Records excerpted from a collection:
▬▬▬
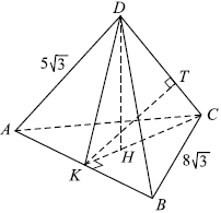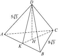 В равностороннем треугольнике $ABC$ высота $KC = AC·cos 30° = 8√3 ·{√3}/{2} = 12, KH = {1}/{3} KC = 4$. В треугольнике $ADK$ $AK = {1}/{2} AB = 4√3, KD = √{AD^2 - AK^2} = √{(5√3)^2 - (4√3)^2} = 3√3$.
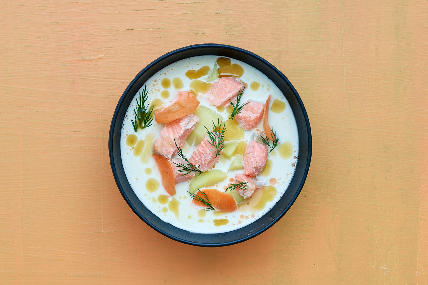 6. Lisää liemeen porkkanakuutiot, perunat ja leikattu kevätsipuli. Anna kiehahtaa ja lisää lohipullat.
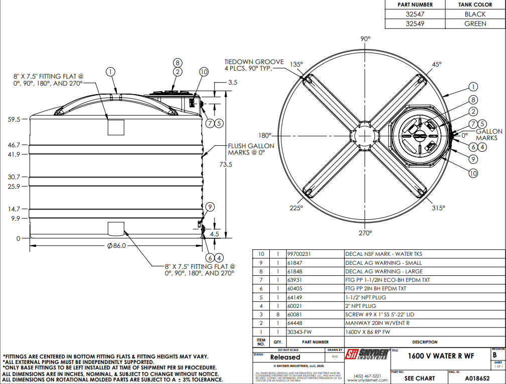 1600gal 86"D x 71"H Poly Water Tank. Tanks are available in Black, Dark Green and Sand (Tan) in sizes up to 3000 gallons, and Black and Dark Green in sizes above 3000 gallons. FOB Shawnee OK
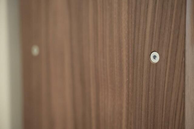 この棚には、壁と本体を固定する、転倒防止補助金具が付いているので、災害対策としてはこの金具を使うとよいかと思います。
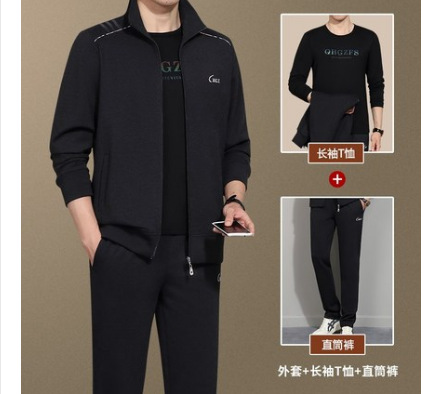 중년 및 노인 스포츠 세트 남자의 플러스 사이즈 새로운 스타일 아빠 가을 3 종 세트 중년 남성 스포츠웨어 재킷
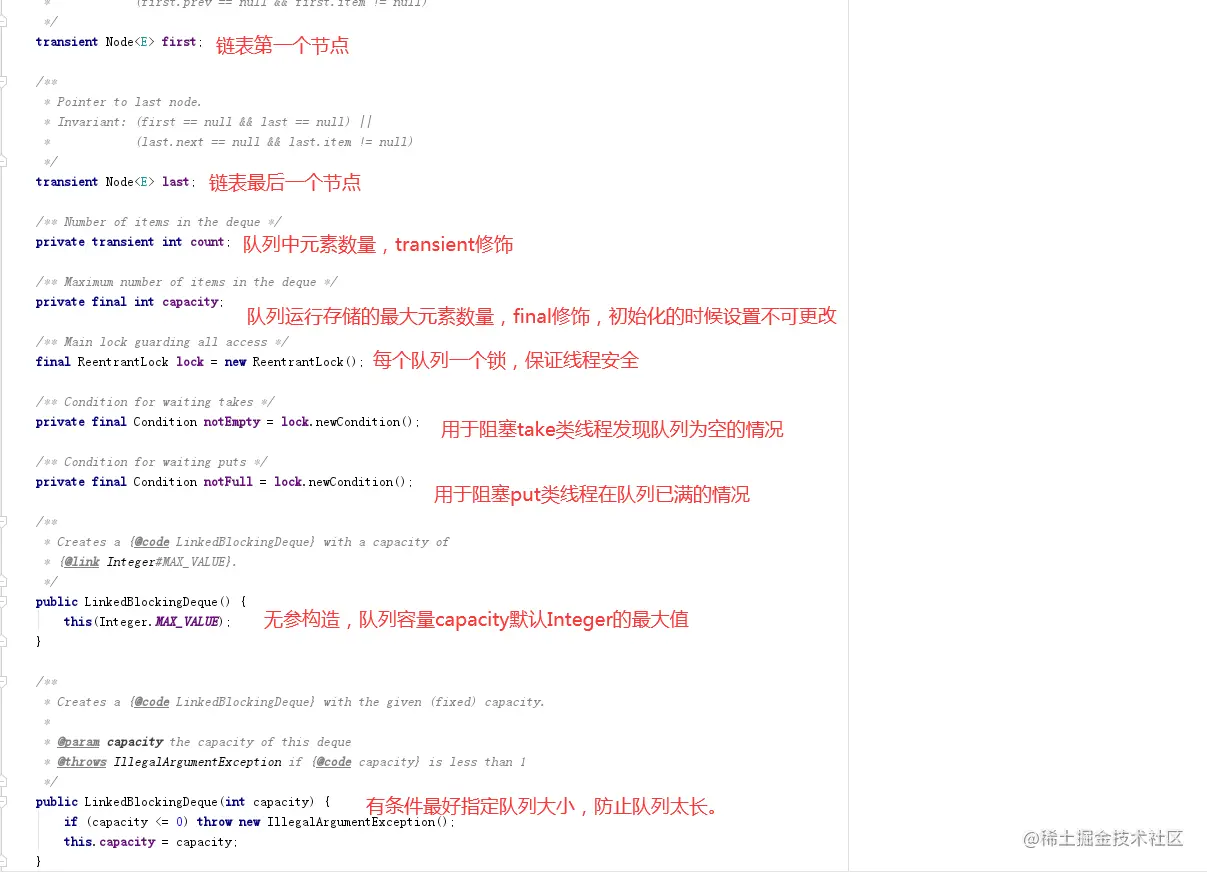 可以看到LinkedBlockingDeque与LinkedBlockingQueue几乎没有什么区别,主要属性基本一样。
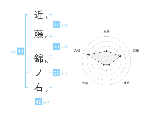 近藤 錦ノ右さんを姓名の画数から五運を鑑定
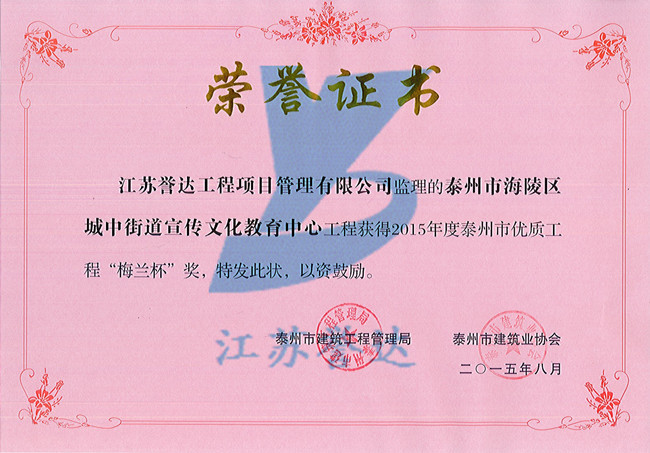 2015度泰州市優質工程“梅蘭杯”獎
▬▬▬
### ABOUT THIS EXERCISE
Restate the data exactly, though only from the line that contains "6. Lisää liemeen" through its last line, both ends included and with the pictures left out.

### THE ANSWER
 6. Lisää liemeen porkkanakuutiot, perunat ja leikattu kevätsipuli. Anna kiehahtaa ja lisää lohipullat.
 1600gal 86"D x 71"H Poly Water Tank. Tanks are available in Black, Dark Green and Sand (Tan) in sizes up to 3000 gallons, and Black and Dark Green in sizes above 3000 gallons. FOB Shawnee OK
 この棚には、壁と本体を固定する、転倒防止補助金具が付いているので、災害対策としてはこの金具を使うとよいかと思います。
 중년 및 노인 스포츠 세트 남자의 플러스 사이즈 새로운 스타일 아빠 가을 3 종 세트 중년 남성 스포츠웨어 재킷
 可以看到LinkedBlockingDeque与LinkedBlockingQueue几乎没有什么区别,主要属性基本一样。
 近藤 錦ノ右さんを姓名の画数から五運を鑑定
 2015度泰州市優質工程“梅蘭杯”獎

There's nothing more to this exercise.